Relative to earnings, this information is more valuable for low-income workers than high-income workers, because those are the individuals who rely on Social Security more heavily. 

“These gains represent a ‘free lunch’ in the sense that they can be realized just by making a decision about a problem that will have to be faced in the near future,” the researchers wrote. “Failing to do so complicates people’s retirement plans. Thus, government indecision has a real cost.” The paper was written by John Shoven, research associate at Stanford University; Sita Slavov, faculty research fellow at George Mason University; and John Watson, also from Stanford University. 
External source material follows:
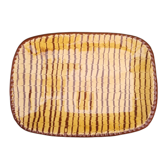 Large 18th-Century Style English Antique Earthenware Comb-Decorated Slipware Loaf Dish / Baking Dish
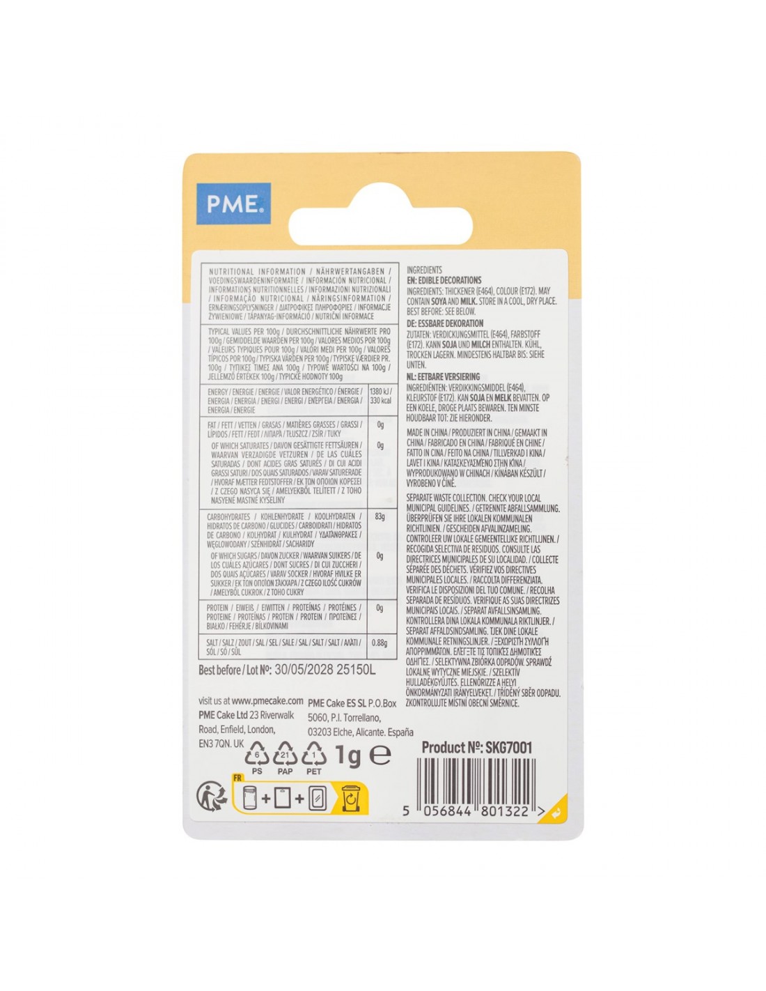 Ingredientes: Espesante (E464), Colorante (E172).

In an updated Social Security analysis in November 2020, Stephen Goss, chief actuary at the Social Security Administration, said the anticipated depletion could be as early as 2034. 

The effects of the pandemic on Social Security are still unknown as well. The COVID-19 crisis has impacted Americans’ employment, savings and health, as well as death and fertility rates. 

Also see: What will COVID-19 do to Social Security?

Many retirees rely on Social Security for at least a portion, if not more, of their income in retirement, and knowing whether or not to include these expected benefits could alter how much more or less a person needs to save for their old age. For example, if an individual expects he will not receive any Social Security benefits later in life, he’ll have to save more in his retirement accounts to make up the difference. Some financial advisers tell their younger clients to assume a reduction in benefits, just so that they don’t end up with a shortfall at an older age.

Another mistake, researchers said, is in assuming benefits will be cut or nonexistent — though at least they’d then have more money stashed away for retirement. 

“These costly mistakes would be avoided if the government made a decision today about what it will do when the trust fund is exhausted,” the researchers wrote. “The failure to realize the awareness gains that we calculate represent the cost of Washington failing to come to grips with the Social Security solvency issue.”